Not a big win in clarity for 1b or 1c vs. 1a, since the extra
text is just specifying defaults. 1b might be a bit clearer
for a beginner, but after a few weeks those training wheels
would come off. I think 2b is clearer than 2a, and 3b clearer
than 3a. Incorrect code, with the wrong task employed, might
be easier to spot if the 4b and 2b forms were uniformly employed, but
otherwise not a clean win for 4b over 4a. 5b versus 5a feels like a wash.
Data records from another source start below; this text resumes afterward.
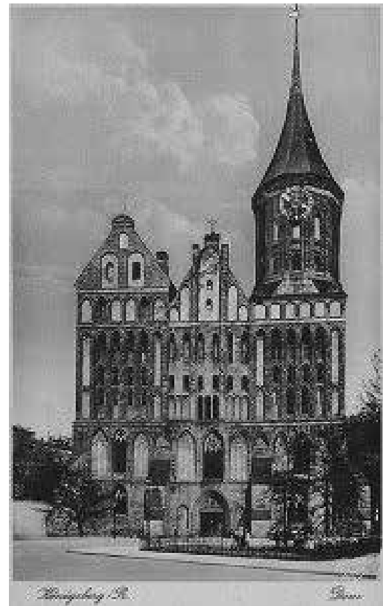
Karaliaučiaus katedra, per II pasaulinį karą sugriauta, dabar atstatyta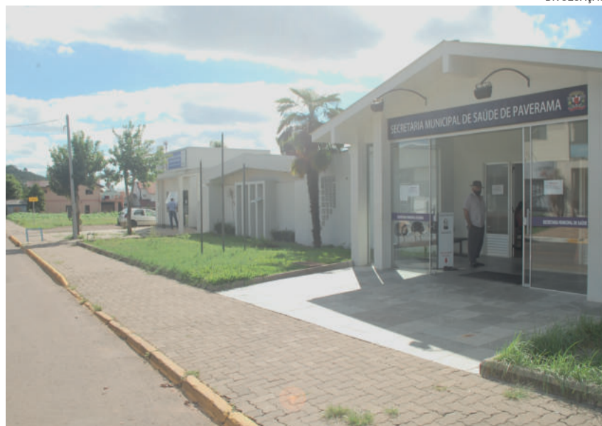
Agendamento deve ser feito no posto de saúde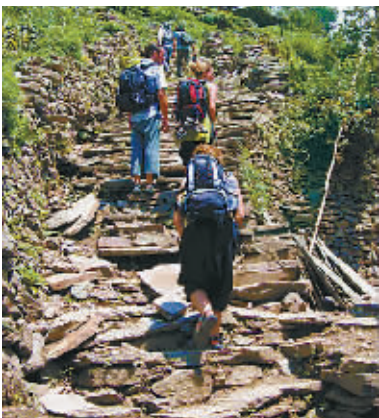
行走在徒步线的游客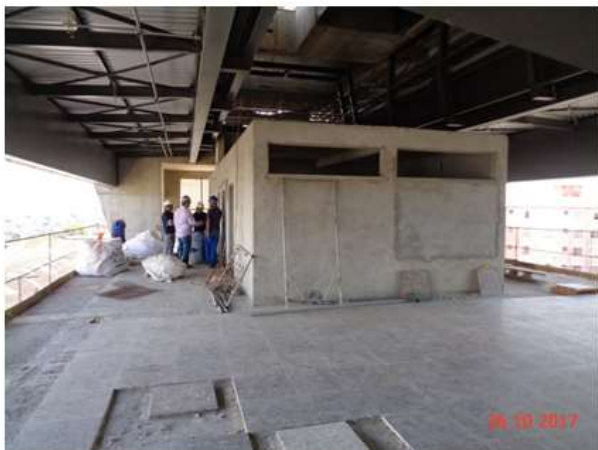
Execução do piso de granito do Mezanino.

Is something along these lines worth incorporating into the C language,
or no? Clearly we can get along without it - I am just wondering if
adding this would be beneficial.

Interesting stuff, but I don't understand what the "access" is supposed
to specify... We already have 'const' and 'volatile', so...? Also, the
result of a cast is not an lvalue, so it can't be modified, so...?

glen herrmannsfeldt · Mar 19, 2013

mathog said:
{ Introductory material, skip down to the end bracket if you don't
care how I got onto this subject.

(snip on C++, casts, and such)

(For everything below here assume that float and int are the same size.)

This got me thinking about C casts, where

int i = (int) round(some_float); /* 1a */

specifies a type conversion, whereas this

int i = *(int *)(&some_float); /* 2a */

specifies a reinterpretation of the bits in memory.

Well, to me it is that the cast specifies a conversion
for the pointer. While on most systems the bit representation
for pointers to different types are the same, on some machines
they are different. Specifically, on word addressed machines
where char is smaller than a machine word.

I always thought the second form was a pretty awkward way to
accomplish this, and that there was room for improvement there.

I suppose so. In Fortran, we used to do with with EQUIVALENCE,
but now there is TRANSFER.

It isn't that the meaning is not clear, it is just that
having to resort to using a pointer to the data in order
to get its bits reinterpreted (still) feels like a kludge.

I suppose so, but in most cases where you use it, it is
a kludge.

But OK, PL/I has the UNSPEC function and pseudo-variable so
you can write:

UNSPEC(F)=UNSPEC(I);

as you note, assuming that they are the same size. UNSPEC converts
to or from a bit string.

Java has floatToIntBits, doubleToLongBits, and their inverse functions.
Otherwise, the kludges, by definition, don't work in Java.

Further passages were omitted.